Maybe in the end, God’s question is not so much a question for Jonah to answer, as much as it is a question for us to answer.  Maybe we need to take a long hard look at ourselves and be able to recognize those times, those feelings and thoughts, when we too have the symptoms of the Jonah syndrome.  The Jonah syndrome that believes God should act according to our will, that God is for us insiders only, that outsiders are beyond the reach of God’s saving grace and mercy and forgiveness.   

Jesus once told a parable about workers in the vineyard, who had worked all day, but became angry when others were hired at the end of the day and received the same pay.  That parable also ended with a question by the vineyard owner, “Am I not allowed to do what I choose with what belongs to me? Or are you envious because I am generous?”

Maybe in the end, the story of Jonah is a story about ourselves, and a reminder about the God in whom we worship and service.  Through the story of Jonah, we too know just how much God has done for us, how God has shown us over and over again God’s steadfast love and amazing grace through Jesus Christ in spite of our own attempts to flee from God’s presence.  This is why this story of Jonah is such a special story. 

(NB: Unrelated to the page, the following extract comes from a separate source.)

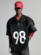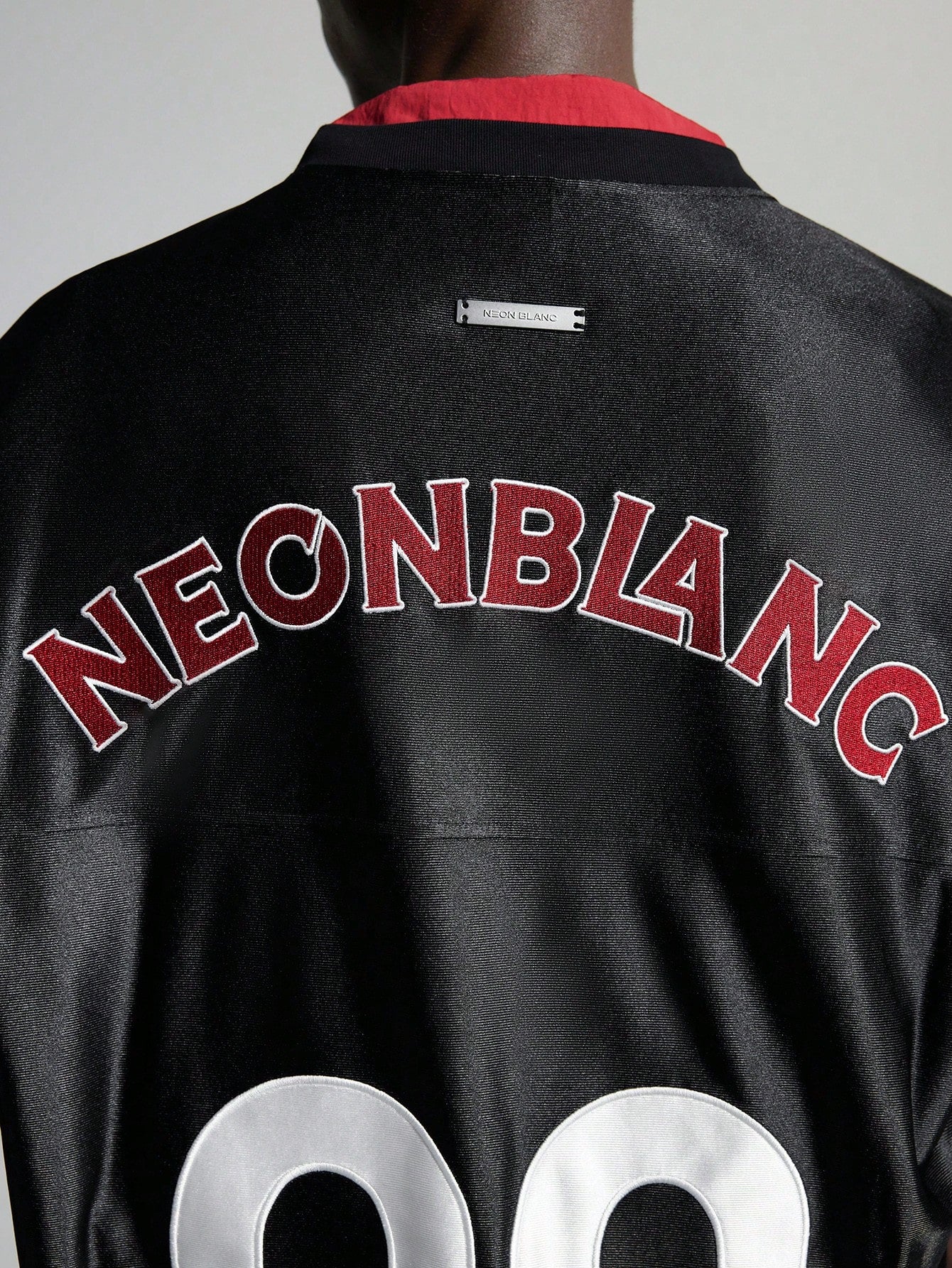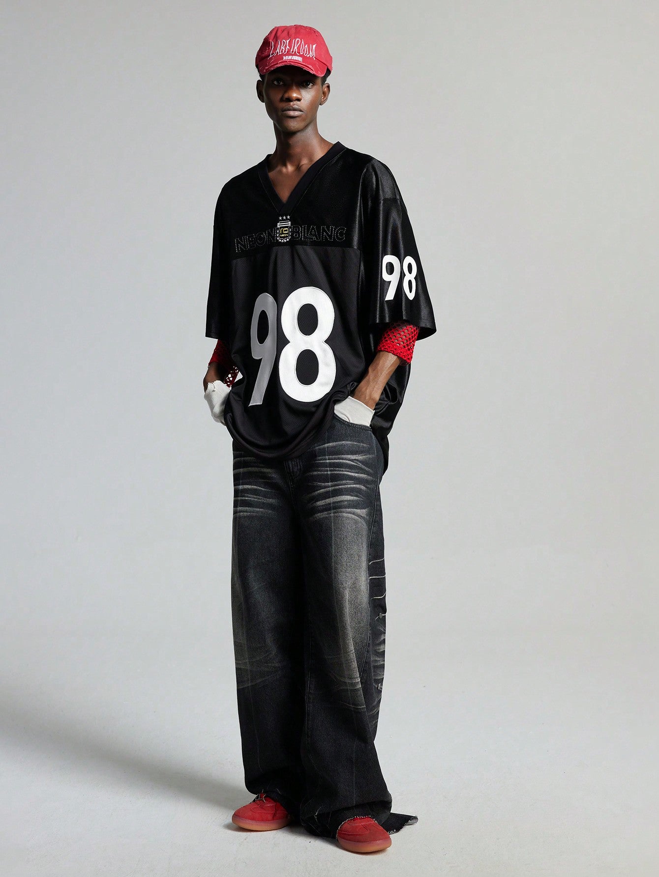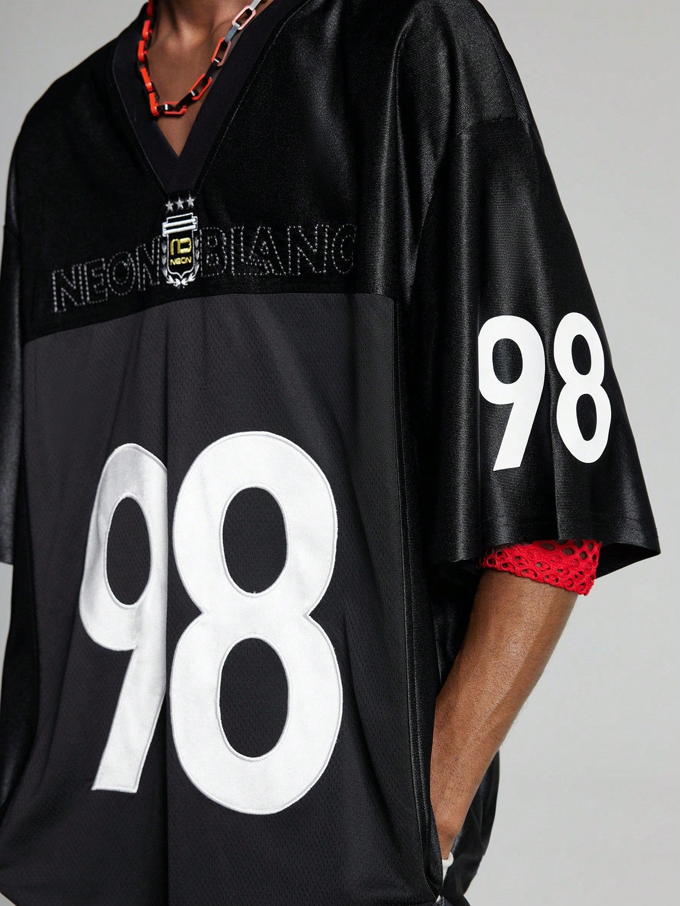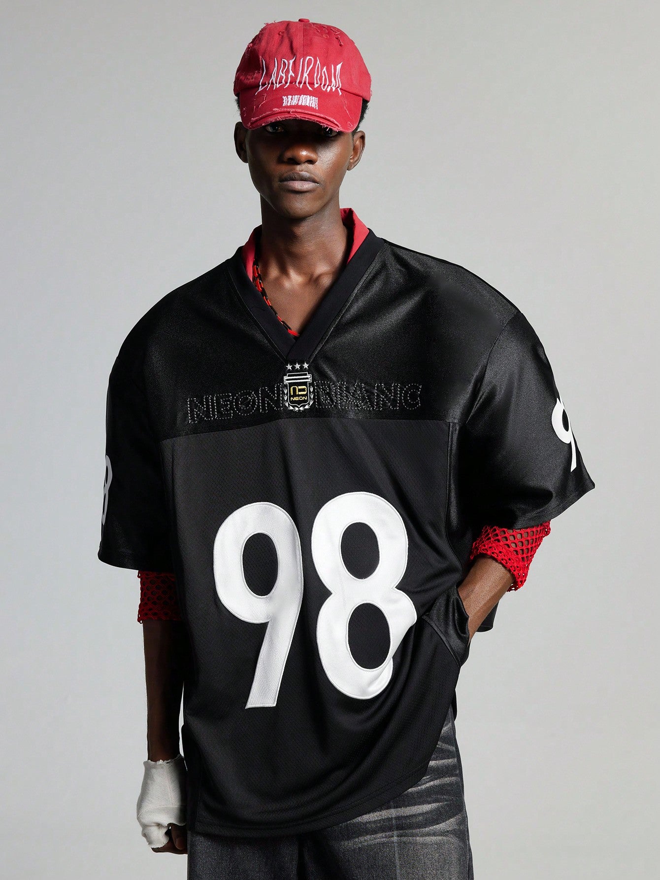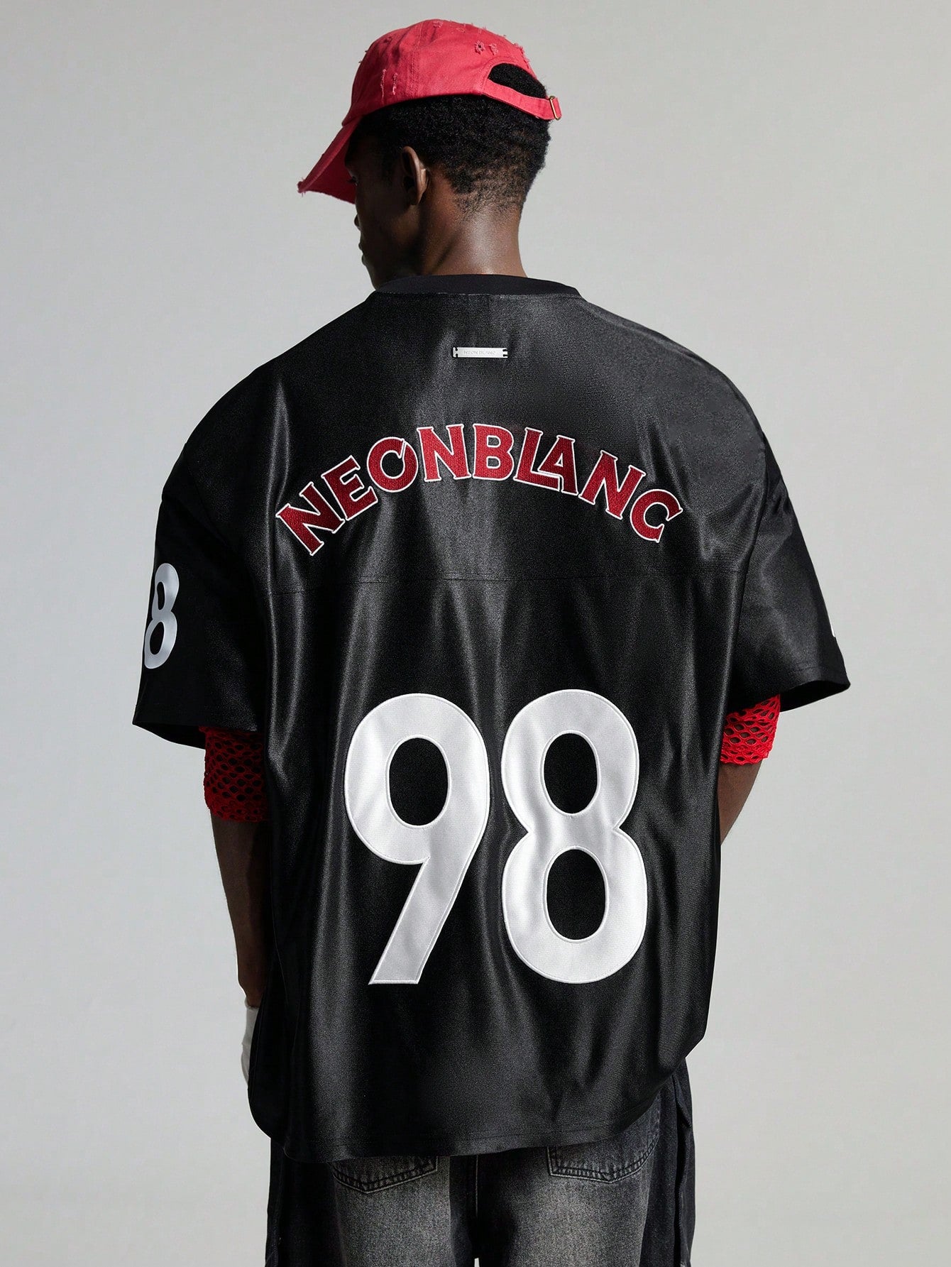 تي شيرت بيسبول رياضي رجالي من NEON BLANC، أسود اللون، مطبوع عليه أرقام، برقبة على شكل حرف V، ومطرز، ومحبوك

This story is the great reminder that the God of Abraham, Isaac, and Jacob, the God we know in the person of Jesus Christ, is the God who has compassion, not only for us insiders, but for all people in the world.  This story is the great proclamation that God’s will for all of God’s creation is to save it. 

Whenever you read this story, and I hope you read it over and over again, be sure to talk off your shoes, for you will be standing on holy ground.   Amen.